Anne came to the doorway. She wore a pale-blue, high-waisted dress which I knew to be her best, presumably for the benefit of the visitor. Over that she had put on an apron. She carried George’s coat. He seemed to take an interminable time putting it on, during which he shook his head gravely before finally coming to a decision to speak.

‘What has happened to Mr Black is God’s visitation on you, Miss Anne,’ he said.

She looked at him in terror. ‘What do you mean?’

‘I think you know,’ he said steadily.

‘Indeed I do not! Please go for the doctor.’

I stared up at the window of Mr Black’s bedroom.
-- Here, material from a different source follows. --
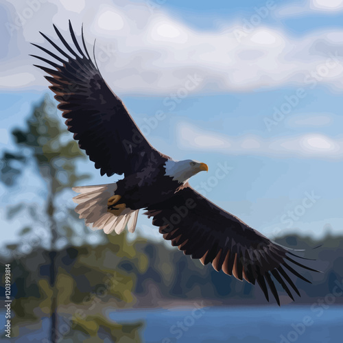 Fototapeta premium "A bald eagle with its wings spread wide."

In the wavering candlelight I could just see Mrs Black passing restlessly by the bed, peering out of the window.

George stopped buttoning his coat, glanced up at the window, not speaking until Mrs Black had passed out of sight. ‘You let the devil out of the cellar,’ he said softly.

‘I did no such thing!’ Her voice was equally low, but sharp and contemptuous, as if it was the last thing in the world she would dream of doing.

‘I saw you.’

‘I came down when I heard the disturbance.’

‘I saw you going up.’

There was a trace of uncertainty in his voice which she leapt on. ‘You cannot have done. You make too much of yourself. Get the doctor!’

Perhaps he was lying and merely suspected. Or had seen something, but, groggy after my blow, could not be sure. At any rate, he began to move away reluctantly, and my heart went out to her for standing up to him.

All would have been well, but then she added bitterly: ‘You should have let him have a candle.’

She knew what she had said as soon as the words were out of her mouth. He stopped and turned very slowly. As he did so I caught the smile of satisfaction on his face. It vanished as he looked at her with grave concern.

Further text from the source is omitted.